Britton D R, Mikusa J, Lee C H, Jarvis M F, Williams M, Kowaluk E A
Neurological and Urological Diseases Research, Pharmaceutical Products Division, Abbott Laboratories, Abbott Park, IL 60064-3500, USA.
Neurosci Lett. 1999 May 7;266(2):93-6. doi: 10.1016/s0304-3940(99)00280-3.
The effects of the systemically administered adenosine kinase (AK) inhibitor, 5'-deoxy-5-iodotubercidin (5'd-5IT) on the striatal adenosine (ADO) release evoked by the excitotoxin, kainic acid (KA) were examined using rat bilateral striatal microdialysis. Local KA perfusion of one rat striatum caused a significant ipsilateral elevation of striatal ADO levels compared to basal and contralateral (artificial CSF-perfused) striatal ADO levels. KA-evoked striatal ADO release was augmented in animals receiving systemic 5'd-5IT treatment (cumulative dose of 7.5 micromol/kg, i.p.) compared with i.p. vehicle controls. In contrast, 5'd-5IT administration had no significant effect on basal or contralateral (artificial CSF-perfused) striatal ADO levels. Thus, consistent with the hypothesis of 'site and event specific' potentiation of ADO by AK inhibitors, 5'd-5IT unilaterally enhanced ADO levels in the striatum where KA-induced excitotoxic injury evoked endogenous ADO release, but not at the contralateral uninjured striatum.

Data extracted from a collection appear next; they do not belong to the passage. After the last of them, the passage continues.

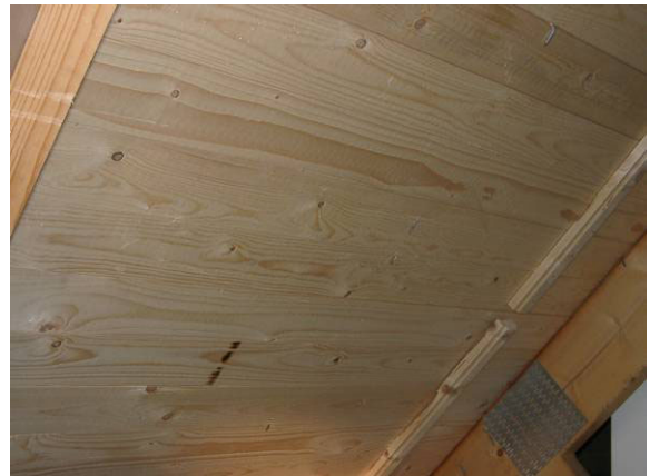
Bild 1 Ingen synlig påväxt men riklig påväxt enligt den mikrobiologiska analysen. Detta är normalt ingen skada - återkommande kontroll är alltid att rekommendera!

Ett sätt att minska risken för att påväxt skall uppkomma är att säkerställa att yttertaket är tätt, att hindra fuktig inneluft kommer upp till vindsutrymmet och att ventilerade vindsutrymmet lagom mycket.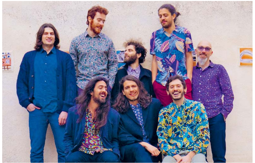
«SuRealistas» im Kulturpunkt Flawil.

VEREIN Heute Freitag geht es im Kulturpunkt mit «SuRealistas» heiss zu und her. Unbändige Fröhlichkeit, heisse Rhythmen und ein gerütteltes Mass an Sentimiento – mit dieser Melange hat die Musik der Südhalbkugel die Welt erobert. «SuRealistas» kreuzen spanische, lateinamerikanische und afro-karibische Traditionen zu einem neuen Ganzen, das von der achtköpfigen Combo in Musik umgesetzt wird und das Publikum zum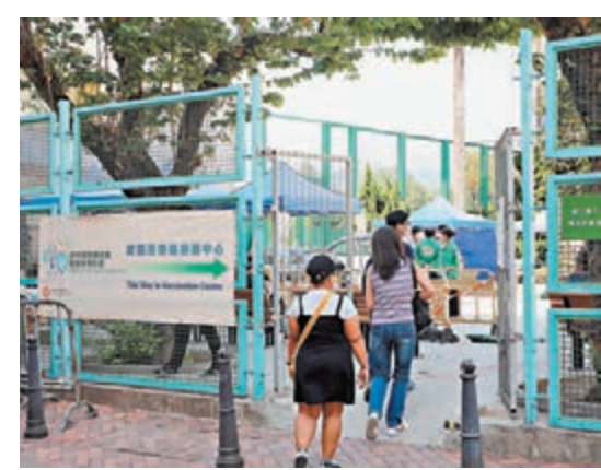
◆聶德權表示，留意到本月已有 60 萬人打第三針，呼籲市民盡快接種。圖為市民去社區疫苗接種中心接種疫苗。資料圖片

按第三階段「疫苗通行證」要求，一般市民若已完成接種兩劑疫苗逾半年，須在明日前提打第三針，未過半年則暫無須接種；至於確診者若康復未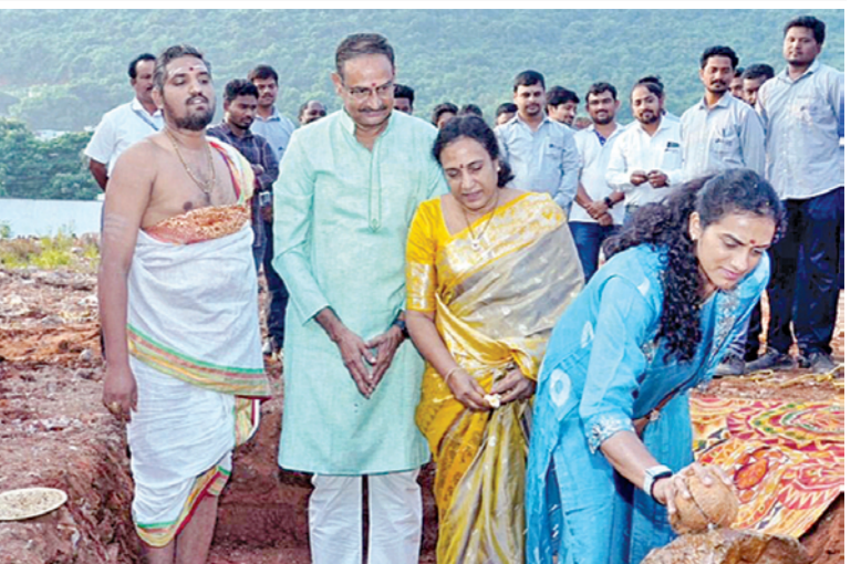
గురువారం విశాఖలో బ్యూడ్జెట్ లో అకాడమి శంకుస్థాపన కార్యక్రమంలో పివి సింధు

నిర్ణయాలు తీసుకున్నారు. పౌర సంబంధాలశాఖ మంత్రి కొలను పార్థసారథి వాటిని విలక్షిత సమావేశంలో వెల్లడించారు. ప్రభుత్వం ప్రైవేటు భూములు అక్రమించుకోవడం ఎక్కడో దూరంగా ఉంటున్నవారి భూములను కళ్లు చేయడంపెదల భూములు లాక్కోవడం నకిలీతలతో వివిధవిధాలు నిర్మించారు. 1982 ను రద్దు చేసి, దాని స్థానంలో ఏమీ భూ అక్రమణల నిరోధక చట్టం - 2024 అమలుకు సంబంధించిన బిల్లు ప్రవేశపెట్టే ప్రతిపాదనకు ఆమోదం. పాత చట్టం చట్ట ప్రాంతాల్లోని అనుభవం పరిమితమైంది. పలు ధ్వారా రూ.5వేల వరకు జరిమానా, ఆర్డెలు నుంచి ఐదేళ్ల వరకు జైలు శిక్ష విధించేందుకు అవకాశం ఉంది. కొత్త చట్టం ప్రకారం రాష్ట్రంలోని అన్ని ప్రాంతాల్లో భూముల కర్షణను మేలుబుంది. అక్రమణదారులకు 10 నుంచి 14 ఏళ్ల వరకు జైలు శిక్ష భూమి విలువతోపాటు నష్టపరిహారం చేసి జరిమానా విధిస్తారు. ప్రత్యేక కేసులు ఏర్పాటు చేసి నిర్ణయం తెలుపడం కేసులు పరిష్కరించేలా చర్యలు తీసుకుంటారు.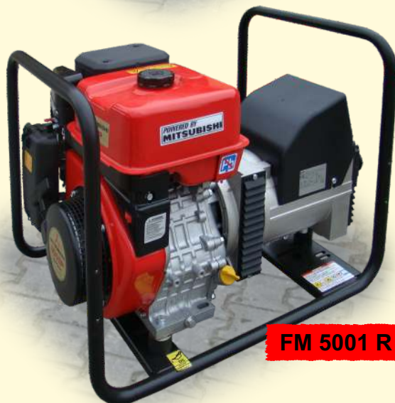
FM 5001 R

Wraz z zadymiarką „Casefog-1” proponujemy do wyboru dwa sprawdzone w praktyce jednofazowe agregaty prądowórcze firmy Akmel: model AP3001 oraz model FM 5001 R. Tworzą one kompleksowy system i zapewniają wydajne i stabilne działanie zadymiarki we wszystkich warunkach środowiska pracy.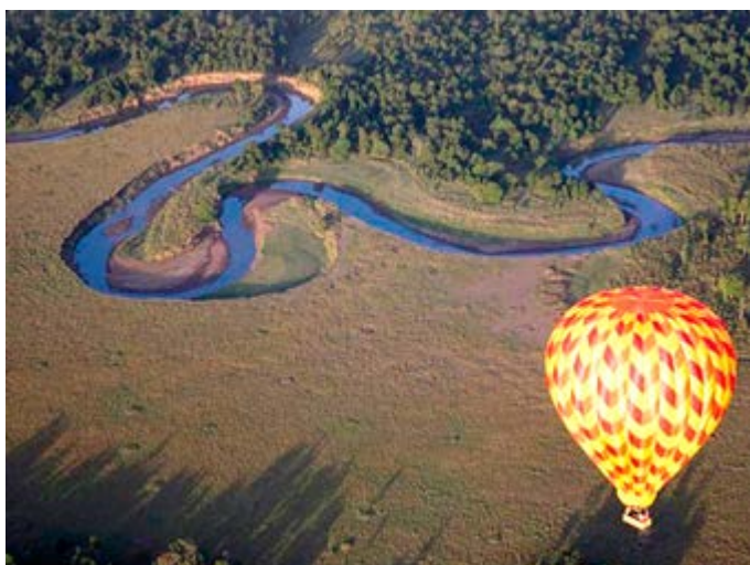
Vuelo en Globo y Desayuno con champagne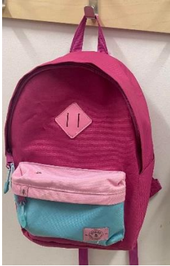
Sac à dos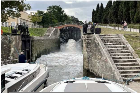
A l'entrée des écluses de FONSERANES Courage. Il faut y aller !!!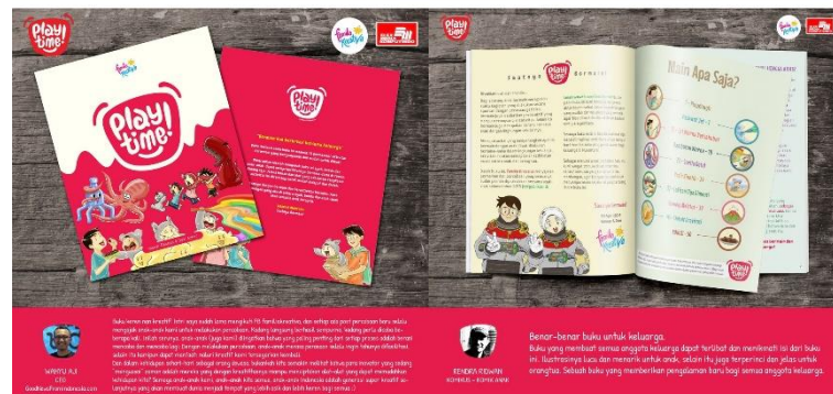
Gambar 2.3 Buku Kreativitas Anak Play Time

Familia Kreativa memiliki tiga lini utama yakni lini produk gratis, produk komersial, dan produk aktivitas jasa atau event . Produk gratis adalah produk yang diberikan dan disebarluaskan dengan tidak memungut biaya, lini produk ini dapat diunduh di website resmi Familia Kreativa. Produk lini komersial yang telah dibuat oleh Familia Kreativa seperti buku, kartu, poster, stiker, dan alas bermain. Sedangkan untuk lini event terdapat berbagai jenis kegiatan yang di antaranya: Pojok Kreativa, Amengan, Gagas Karya, FK Berbagi, Sharing Kreativa, Creative Drawing , Storytelling Interaktif, dan kerja sama perusahaan.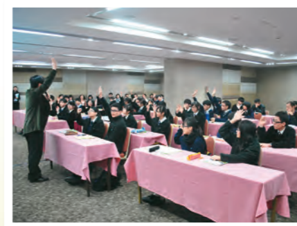
▲邀請學生參與教學示範，向外界分享有關成果。

活用「腦基礎學習」：透過了解學生腦部發展特性與學習的關係，運用不同的策略如確立清晰明確的訊號、指令和習慣，改變活動位置與模式、從挑戰中驗證成功、透過親身經歷自主學習等，營造最理想的學習環境，增強學生的專注力及參與動機，讓學生體驗成功，增加學生的自我形象。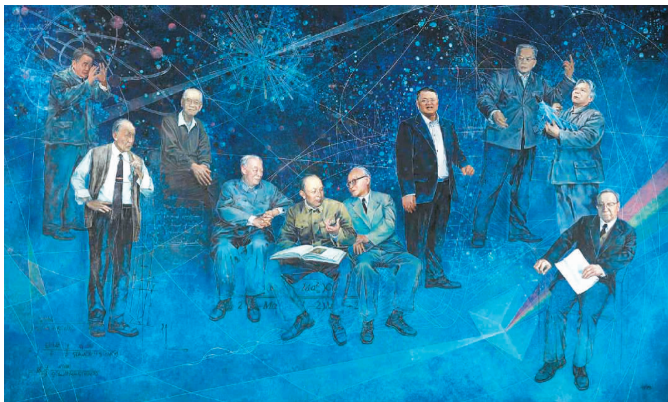
▲ 国家的脊梁 (油画) 董卓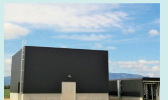
ホワイトデータセンター

町や農協など6団体が連携し、畜産バイオマスによるモデル地域の構築を進めてきました。この事業では、家畜ふん尿を発酵させてバイオガス発電を行うだけでなく、発酵後の消化液を固体と液体に分け、固体は牛の糞わりとして、液体はデントコーン畑などに液肥として再利用しています。また、連携先の有限会社ドリームヒルでは、余剰バイオガスを熱源にして、イチゴやブドウなどのビニールハウス施設園芸に取り組みジェネレーターやケータキに利用し販売しています。

使用大鼠双侧纹状体微透析技术,研究了全身给药的腺苷激酶(AK)抑制剂5'-脱氧-5-碘杀结核菌素(5'd-5IT)对兴奋性毒素 kainic acid(KA)诱发的纹状体腺苷(ADO)释放的影响。与基础水平和对侧(人工脑脊液灌注)纹状体ADO水平相比,局部向一只大鼠的纹状体灌注KA导致纹状体ADO水平同侧显著升高。与腹腔注射溶媒对照相比,接受全身5'd-5IT治疗(累积剂量7.5微摩尔/千克,腹腔注射)的动物中,KA诱发的纹状体ADO释放增加。相反,5'd-5IT给药对基础或对侧(人工脑脊液灌注)纹状体ADO水平无显著影响。因此,与AK抑制剂“位点和事件特异性”增强ADO的假说一致,5'd-5IT单方面提高了KA诱导兴奋性毒性损伤诱发内源性ADO释放的纹状体中的ADO水平,但对侧未损伤的纹状体中则没有。